Directions >> Copy the records below exactly, starting at the line that contains "昨年(2025年)12月から" and ending at the line that contains "Text | Image |"; leave out any pictures.

======== Information

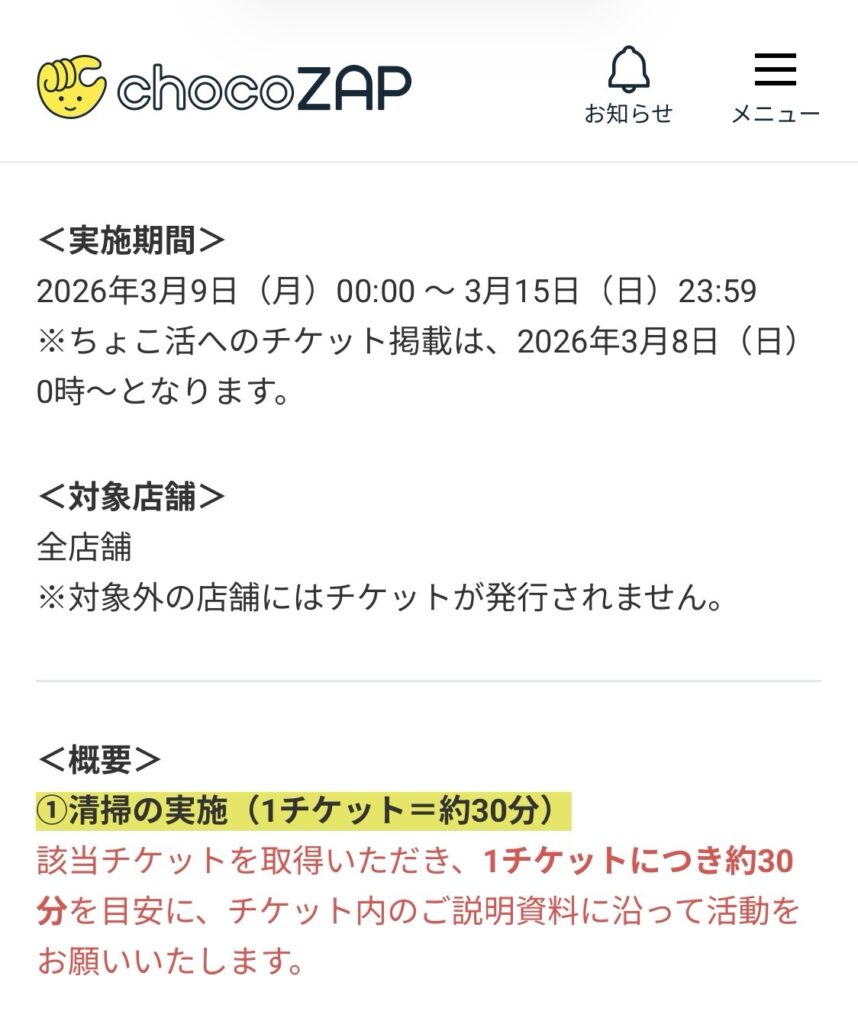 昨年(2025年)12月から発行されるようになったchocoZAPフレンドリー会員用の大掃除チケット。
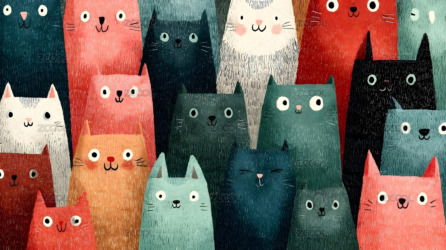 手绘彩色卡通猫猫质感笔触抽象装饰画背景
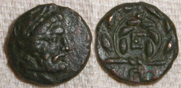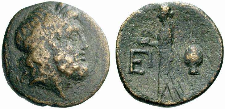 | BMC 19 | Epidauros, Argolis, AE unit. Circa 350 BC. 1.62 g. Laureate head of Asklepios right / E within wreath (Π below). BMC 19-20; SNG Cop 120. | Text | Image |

================
======== Information

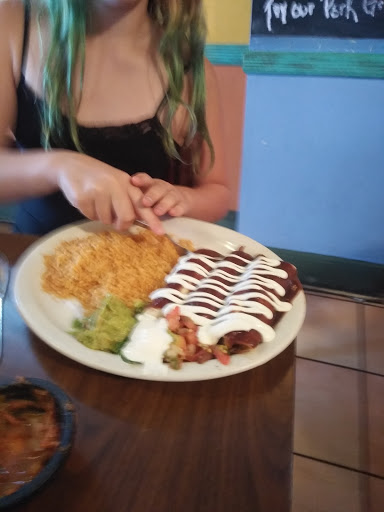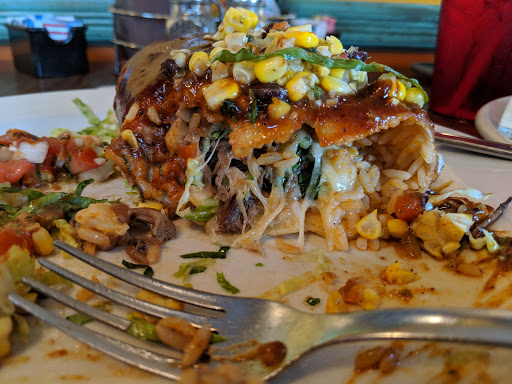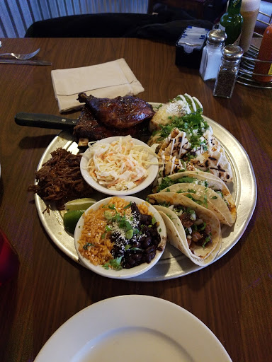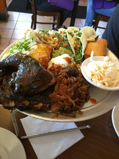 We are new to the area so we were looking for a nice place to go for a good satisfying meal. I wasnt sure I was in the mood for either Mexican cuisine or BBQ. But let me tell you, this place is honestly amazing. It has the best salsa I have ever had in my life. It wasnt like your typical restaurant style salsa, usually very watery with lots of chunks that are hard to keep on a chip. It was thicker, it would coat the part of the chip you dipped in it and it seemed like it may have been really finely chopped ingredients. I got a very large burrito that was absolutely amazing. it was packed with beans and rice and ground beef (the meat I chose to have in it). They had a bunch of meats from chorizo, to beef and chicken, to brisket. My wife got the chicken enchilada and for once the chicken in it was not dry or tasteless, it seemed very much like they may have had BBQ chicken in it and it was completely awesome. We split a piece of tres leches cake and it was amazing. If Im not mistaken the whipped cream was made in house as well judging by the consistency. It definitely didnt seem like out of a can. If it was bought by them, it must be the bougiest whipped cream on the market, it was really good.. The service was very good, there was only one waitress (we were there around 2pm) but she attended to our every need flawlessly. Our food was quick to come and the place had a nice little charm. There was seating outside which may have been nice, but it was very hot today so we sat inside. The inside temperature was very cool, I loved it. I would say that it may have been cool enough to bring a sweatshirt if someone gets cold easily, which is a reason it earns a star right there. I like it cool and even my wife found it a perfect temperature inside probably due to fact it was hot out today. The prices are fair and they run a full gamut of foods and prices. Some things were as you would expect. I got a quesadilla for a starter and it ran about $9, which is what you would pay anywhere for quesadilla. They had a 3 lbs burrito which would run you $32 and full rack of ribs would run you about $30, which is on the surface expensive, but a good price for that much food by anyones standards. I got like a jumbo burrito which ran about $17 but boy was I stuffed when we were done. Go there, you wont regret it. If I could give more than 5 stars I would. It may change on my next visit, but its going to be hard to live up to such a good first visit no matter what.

================

Answer box >>
 昨年(2025年)12月から発行されるようになったchocoZAPフレンドリー会員用の大掃除チケット。
 手绘彩色卡通猫猫质感笔触抽象装饰画背景
 | BMC 19 | Epidauros, Argolis, AE unit. Circa 350 BC. 1.62 g. Laureate head of Asklepios right / E within wreath (Π below). BMC 19-20; SNG Cop 120. | Text | Image |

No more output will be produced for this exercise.